Characteristics of the study population

Table 1 presents the distribution of selected characteristics among OS cases and controls. In current study, a total of 900 OS cases and 900 controls were recruited in two stages, and there were no significant differences between OS cases and healthy controls for each stage regarding to age and gender (all P > 0.05), which indicates that the frequency matching was adequate. The tumors were mainly located at extremities, and half of the cases were metastatic OS. About 39.8% of cases’ enneking stage were defined as III in stage 1, and 40.1% in stage 2.

Associations of tagSNPs and OS risk

In stage 1, the genotypes distributions of 3 SNPs (rs4759314, rs7958904 and rs874945) among the controls were in accordance with Hardy-Weinberg equilibrium (all P > 0.05). The genotype distribution of all the tagSNPs and their associations with OS risk in our Stage 1 are shown in Table 2. SNP rs7958904 and rs874945 showed significant associations with OS risk in log-additive model (P value = 0.023, 0.024 respectively). For rs7958904, C allele was associated a significantly decreased OS risk when compared with G allele (OR: 0.79; 95% CI: 0.65-0.97); while for rs874945, A allele was associated a significantly increased OS risk when compared with G allele (OR: 1.28; 95% CI: 1.03-1.59). No notable associations between rs4759314 and OS risk in the Stage 1 were observed. Therefore, we validated the effects of rs874945 and rs7958904 in the Stage 2, to further confirm the association observed in the first stage. As shown in Table 2, the association of rs874945 disappeared in the Stage 2 (Ptrend = 0.614). However, the protective effects of rs7958904 still existed in the Stage 2 (Ptrend = 0.011). When combined together, C allele was significantly associated with a decreased OS risk when compared with G allele (OR: 0.77; 95% CI: 0.67-0.90; P = 6.77×10-4). The adjusted OR for the carriers with the CG genotype was 0.82 (95% CI: 0.67-1.00) and for those with the CC genotype was 0.57 (95% CI: 0.40-0.81) compared with the GG genotype. We also conducted stratified analyses by age, gender, and tumor location (Table 3). The results didn’t change materially.

Functional relevance of rs7958904 on HOTAIR expression

To confirm the abnormal expression of HOTAIR in OS patients, we evaluated the HOTAIR levels in 100 paired tissues of OS patients and corresponding normal tissues. As shown in Figure 1, the expression level of HOTAIR in OS tissues was significantly higher than that in corresponding normal tissues (P = 0.008). Subjects with the rs7958904 CC genotype had significantly lower HOTAIR RNA levels (mean ± SD) than those with the GG genotypes in normal and OS tissues (P < 0.01).

Discussion

Deeper understanding of lncRNAs and their role in carcinogenesis could possess a large number of potential clues for developing novel therapeutic agents for OS. In this two-stage, case-control study, we examined the relationship between HOTAIR variants and OS risk among Chinese population. We identified that people with C allele of SNP rs7958904 had a decreased risk of developing OS. SNP rs7958904 also has a genotype-specific effect on lncRNA HOTAIR expression. Our findings support the hypothesis that functional genetic variants influencing lncRNA expression may explain a part of OS genetic basis. To our knowledge, this is the first study to examine the association between HOTAIR variants and OS risk.
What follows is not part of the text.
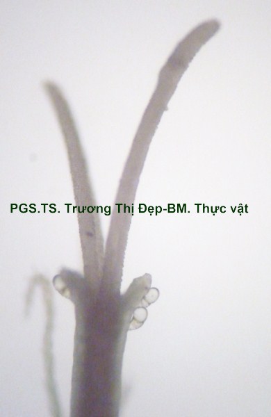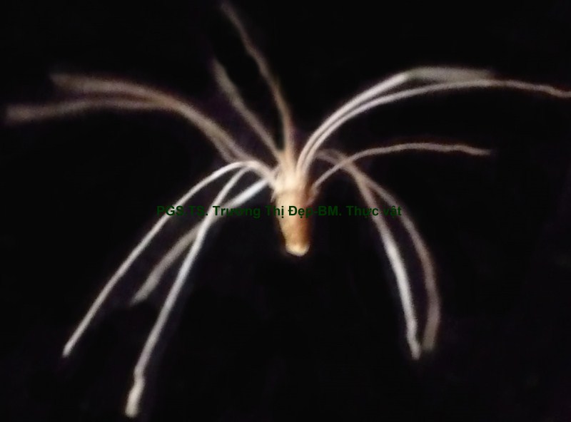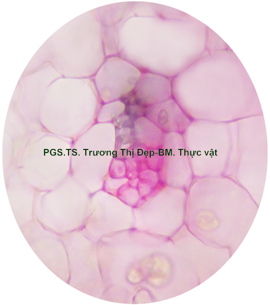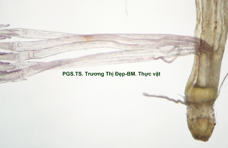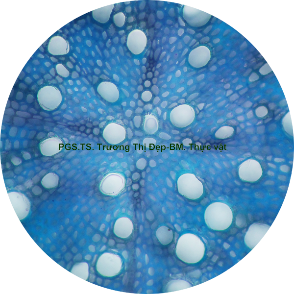 Vi phẫu hình tròn. Các mô gồm: Vết tích tầng lông hút còn thấy một vài lông hút. Bần vài lớp tế bào hình chữ nhật, xếp xuyên tâm, bong tróc. Lục bì vài lớp tế bào hình chữ nhật vách hơi lượn, xếp xuyên tâm với bần. Mô mềm vỏ khuyết, tế bào hình bầu dục nằm ngang hoặc đa giác, kích thước lớn, không đều, vách mỏng, chừa khuyết rộng. Nội bì khung Caspary. Trụ bì 1-2 lớp tế bào to, không đều, vách cellulose. Mô mềm đạo dưới trụ bì tế bào đa giác hoặc gần tròn. Tia tủy rộng gồm 2-5 dãy tế bào hình đa giác xếp theo hướng xuyên tâm. Libe 1 ít, tế bào hình đa giác, kích thước rất nhỏ, xếp lộn xộn, phía trên libe 2. Libe 2 tế bào vách mỏng, xếp xuyên tâm thành nhiều lớp tạo thành nhiều chùy không đều, nhiều tế bào hóa mô cứng hay vách cellulose dày xếp riêng rẽ hoặc tụ thành đám xen kẽ với mô mềm libe. Gỗ 2 chiếm tâm; mạch gỗ 2 hình đa giác, tròn hay bầu dục kích thước to nhỏ, không đều, xếp lộn xộn; mô mềm gỗ 2 tế bào hình đa giác, vách tẩm chất gỗ hay còn cellulose. Gỗ 1 mạch nhỏ hình đa giác gần tròn, xếp 4-5 bó hướng tâm dưới chân tia tủy, mỗi bó 3-5 mạch. Ống tiết ly bào nằm sát hoặc trên nội bì ở vị trí các chùy libe, riêng lẻ hay tập họp 2-6 ống. Tế bào tiết rải rác trong mô mềm vỏ, tia libe và nội bì. Tinh bột ít, rải rác trong tế bào tia libe và nội bì, hạt nhỏ hình tròn dẹp.
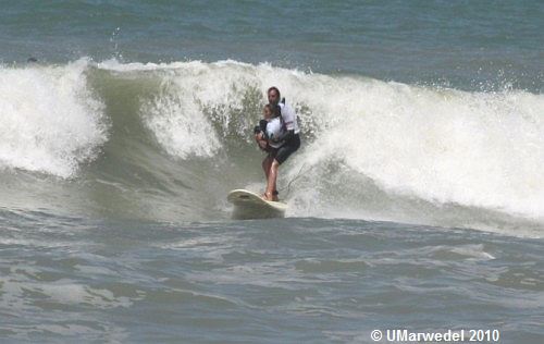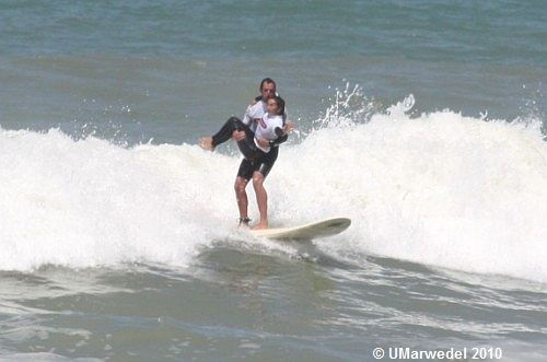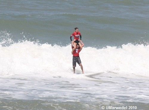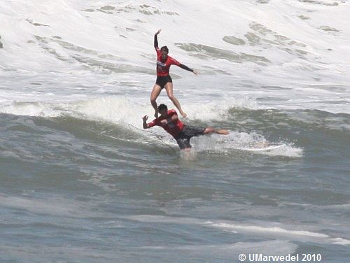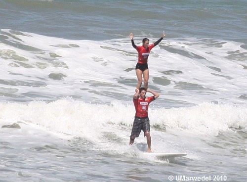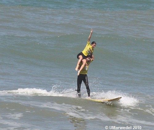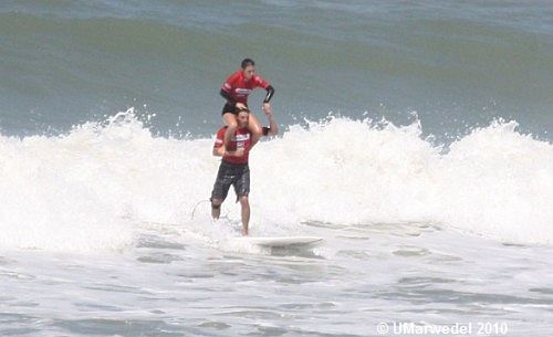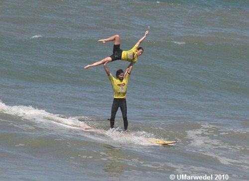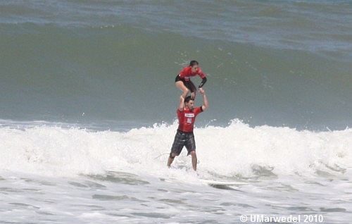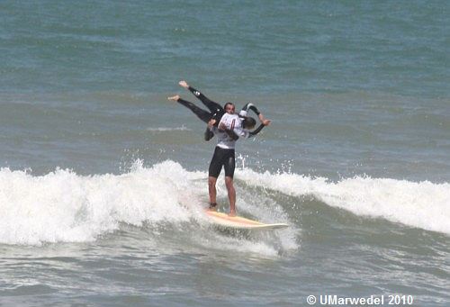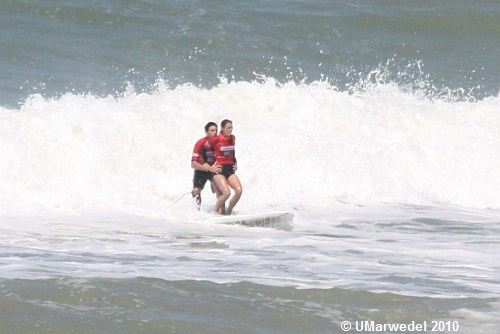 Surftandem ist eine vergleichsweise junge Sportart. Inzwischen gibt es schon Welt- und Europameisterschaften. In Montalivet fand am ersten Juliwochende ein Lauf zur nationalen französischen Meisterschaft statt. Hier bereitet sich etwas vor.

lncRNA HOTAIR has been widely explored as a functional lncRNA participating in multiple cancers [26]. In 2007, Rinn et al [27] first characterized one well-placed lncRNA in HOX clusters: this 2158 nucleotide RNA, termed HOTAIR, was localized to a regulatory boundary in the HOXC cluster and was expressed in both distal and posterior fibroblasts. This means HOTAIR lifts noncoding RNAs to new levels [28]. Since then, HOTAIR was evaluated as an oncogenic factor and could be used as a prognostic biomarker in different cancer type [29]. In a meta-analysis with 748 patients from 8 studies, Cai et al [30] showed that the patients with high HOTAIR expression level had a higher incidence compared with that in patients with low HOTAIR expression level. On the other hand, suppressed expression of HOTAIR inhibits the proliferation and tumorigenesis both in vitro and in vivo [31]. Except of these, HOTAIR was additionally reported to have significant influence on the proliferation, metastasis, EMT, and drug resistance in various human cancers [29]. Conclusively, understanding the biological roles of HOTAIR in different cancer types may help us to recruit this lncRNA as a diagnostic or predictive biomarker.
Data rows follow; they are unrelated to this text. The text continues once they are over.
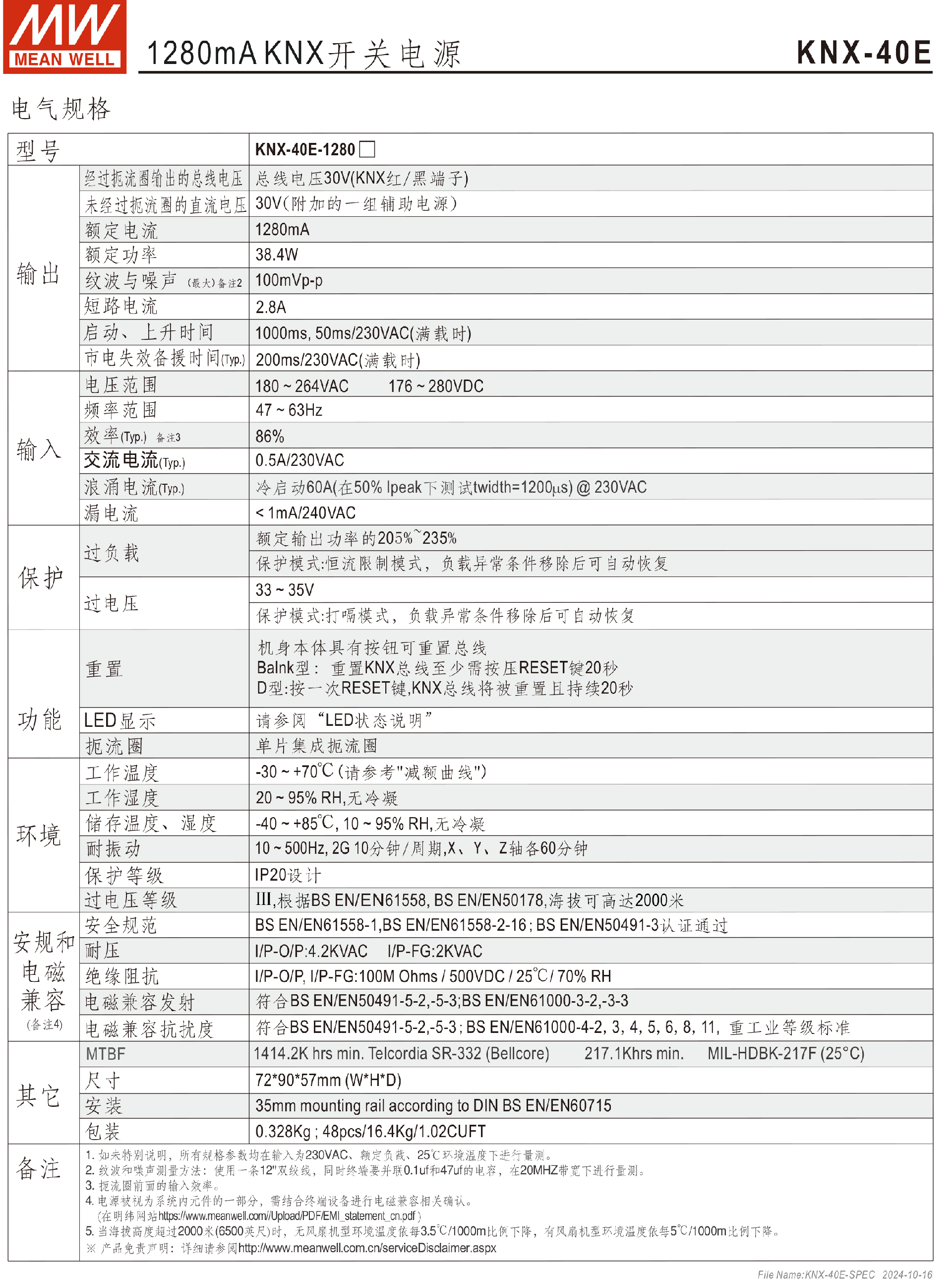 台湾明纬640mA KNX开关电源KNX-20E-640
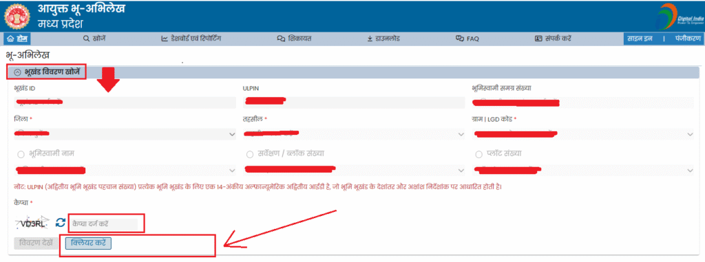 MP Bhulekh की इस भू-अभिलेख सर्विस पर आप यहां से भूमि की जानकारी (Land Record) दर्ज करके अपने ज़मीन का विवरण आसानी से देख सकते है, बस आपको जिला, तहसील, ग्राम (LGD कोड), और भूखंड आईडी (Land ID) या ULPIN नंबर आदि कुछ जरूरी जानकारी भरनी होती है। अगर आप भी अपनी जमीन की जानकारी जानना चाहते है, तो आप नीचे दिए गए स्टेप को फॉलो करें –
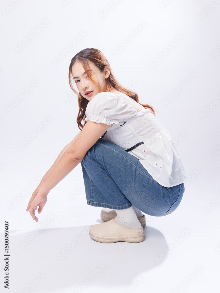Asian young beautiful woman cheerful confident long curl wavy hair wearing white puff sleeve blouse with floral embroidery black ribbon blue jeans, look at camera sitting posing on white background.
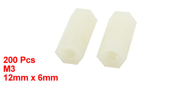 200Pcs 6 x 12mm Insulation Hex Hexagonal Threaded Spacer Support M3 Thread
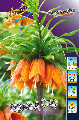 Фритиллярия Гарланд Стар многолетник, относится к группе осенних луковичных цветов. Цветок оранжевый с темно-оранжевым, листья у этого растения сочно-зеленые. Высота растения достигает до 75 см. Период цветения длится до 3 недель, затем фритиллярия переходят в стадию покоя. Размножение этих растений происходит при помощи их луковок-деток или семян. Фритиллярия - просто создана для того, чтобы ее высаживали рядом с деревьями, раскидистыми кустарниками или небольшими клумбами, необычное и манящее растение, которое украсит любой цветник. Фритиллярия не требовательна к почве и уходу, но если вы подарите растению заботу, оно вас отблагодарит во сто крат. Используется это растение в основном для озеленения, а также как горшечное растение для балконов и лоджий, для посадки на каменистых горках и в весенне-цветущих клумбах.Характеристики
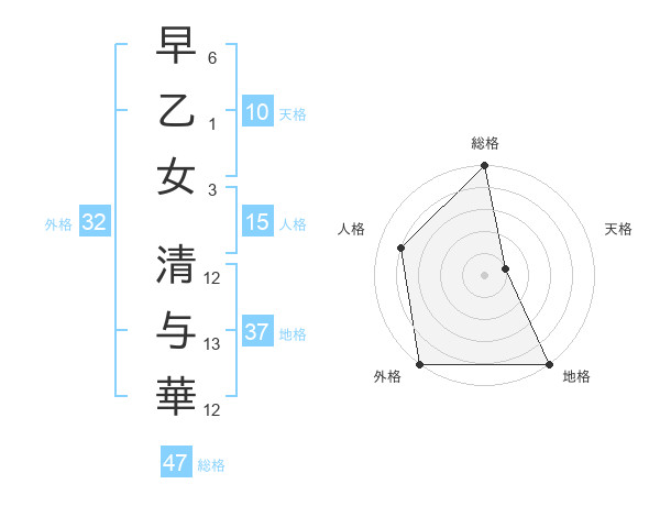 早乙女 清与華さんを姓名の画数から五運を鑑定
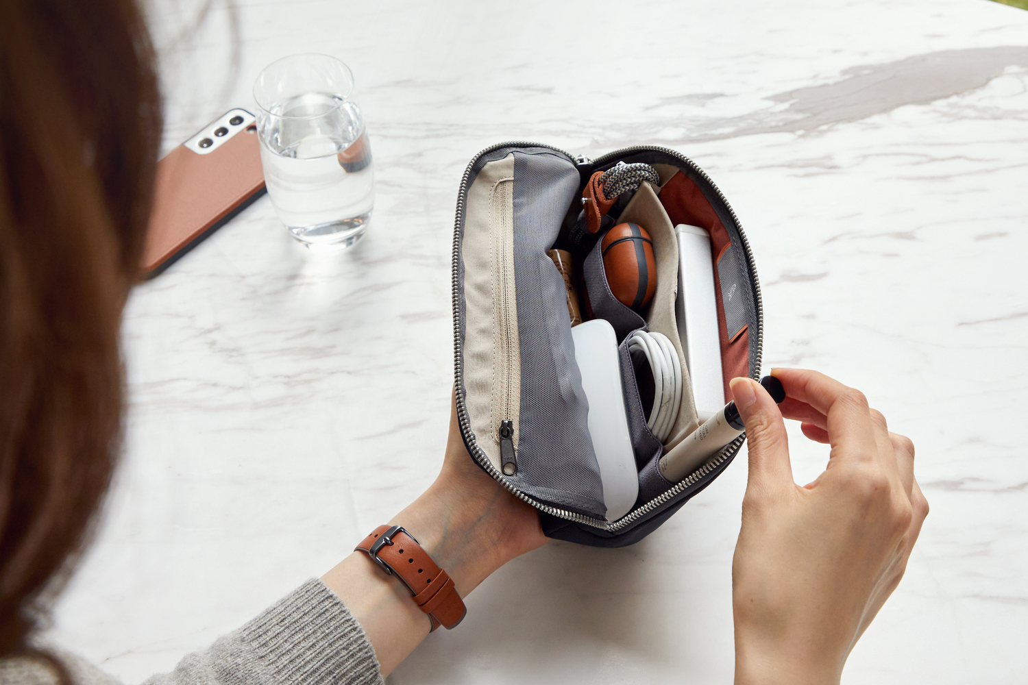 內部彈性固定環設計,讓電線、耳機不再纏繞打結,也能穩妥放置 Apple Pencil、觸控筆等配件。

In current study, we determined C allele of HOTAIR rs7958904 could decrease the OS risk, as well as the expression level of HOTAIR (OR: 0.77; 95% CI: 0.67-0.90). These results was consistent with a previous study by Xue et al [18], which identified individuals with rs7958904 CC genotype had a significantly decreased risk of colorectal cancer in both Stage 1 and 2, compared with those carrying GG genotype (OR = 0.67, 95% CI = 0.51-0.87 in combined stage). Through in silico analysis, the secondary structure of HOTAIR was remarkably changed with rs7958904 G/C variant [18]. However, another SNP rs4759314, which was significantly associated with the increased gastric cancer risk by Du et al [17], was not replicated in current study.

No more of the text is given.